Formats, Vehicles and Audiences for Promoting Window Safety Education
The advisory committee members engaged in brain storming to identify possible vehicles and formats for promoting window safety education. It was noted that visuals are effective in communicating key messages. For instance, using a four inch ruler visual to illustrate the maximum safe opening for a window is an example. The following vehicles and formats were suggested: 

  • Window safety education as part of pediatric visits
  • Handouts at a county fair or the State Fair
  • Home Safety Checklist
  • Classes for baby sitters and nannies
  • Emergency & Community Health Outreach (ECHO) DVD
  • Resources online
  • Include in FVH training programs
  • Mailer or brochure family home visitors can leave at doors if family not home
  • Literature in clinics
  • Home safety kits for new home owners at closings
  • Home safety kits for different audiences
  • Welcome wagon information about home safety
  • Media push in spring/summer for promoting window safety awareness

The following audiences were suggested for window safety education:

  • Department of Health and Human Services
  • Media
  • Preschools
  • Early Education
  • Head Start
  • Child proofing “experts”
  • Pediatricians
  • New window buyers
  • Family home visitors and families served
  • Pregnant women
  • Babysitters and nannies
  • Firefighters and police officers

There was a consensus that all the key window safety messages were already developed and a suggestion to use existing resources.
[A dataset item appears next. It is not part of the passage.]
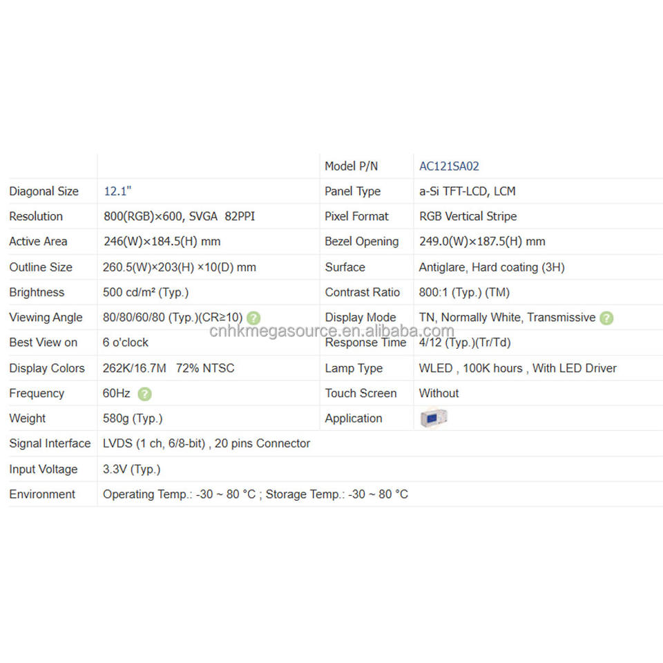 AC121SA02หน้าจอ12.1นิ้ว800*600จอแสดงผล LCD AC121SA02แผง LCD
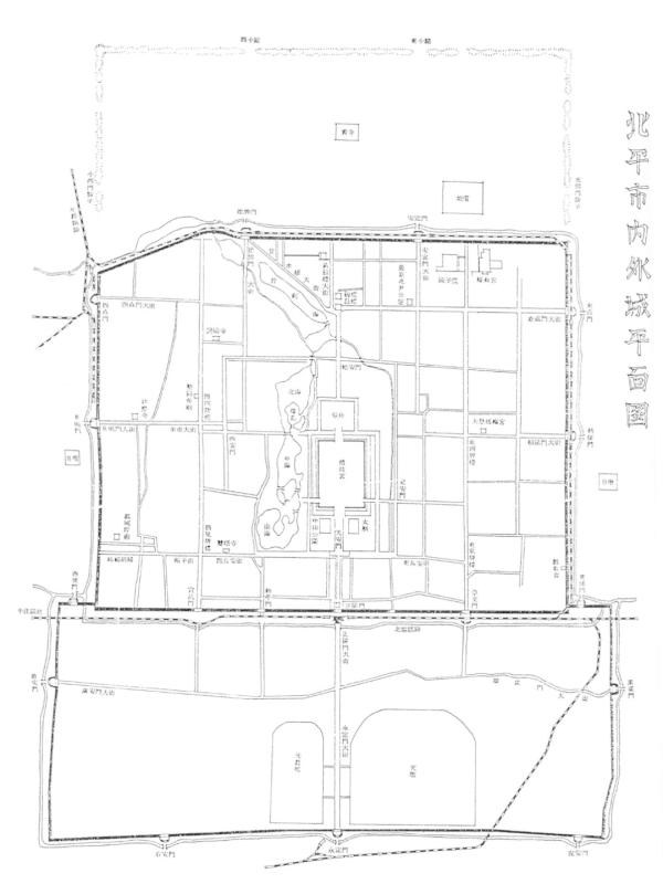 北平市内外城平面图,出处: 王璧文著《元大都城坊考》,中国营造学社出版发行。来源:“北京记忆”官网

The following window safety resources are available:

  • National Safety Council has free brochures on their website
  • Andersen Windows has an activity book called “Look out for Kids” and other resources
  • Minnesota Department of Health has the Home Safety Checklist
  • “Kid’s Can’t Fly” (Boston)
  • Minnesota Department of Education website: http://www.parentsknow.state.mn.us/ – Debbykay Peterson

Meeting Logistics
There was a general discussion on future meeting logistics. Rather than have another face to face meeting in the near future, the next steps will be coordinated via email and phone. Other options for meetings are conference calls or using WebEx. Decisions regarding the need for meetings will be made as needed.

Next Steps

  • Send Home Safety Checklist and Guidebook to Mark Mikkelson, Ken Moody, Michael Fischer, Kathy Coen and Erin Petersen for review and feedback
    • The guidebook revision was reviewed and finalized.
  • Explore having window safety materials at state fair
    • The brochure: Keeping the Promise of Safety was ordered for the MDH State Fair booth.
  • Add window safety and advisory committee information to FHV website, and include links to resources and Injury Prevention Unit at MDH
  • A Window Safety section was added to the MDH Family Home Visiting website under Home Safety Resources. It contains our April News release, links to information and resources on window safety and the MDH Injury Prevention Unit.
  • Advisory committee information was added, as well. This includes the meeting agenda, committee roster and meeting notes.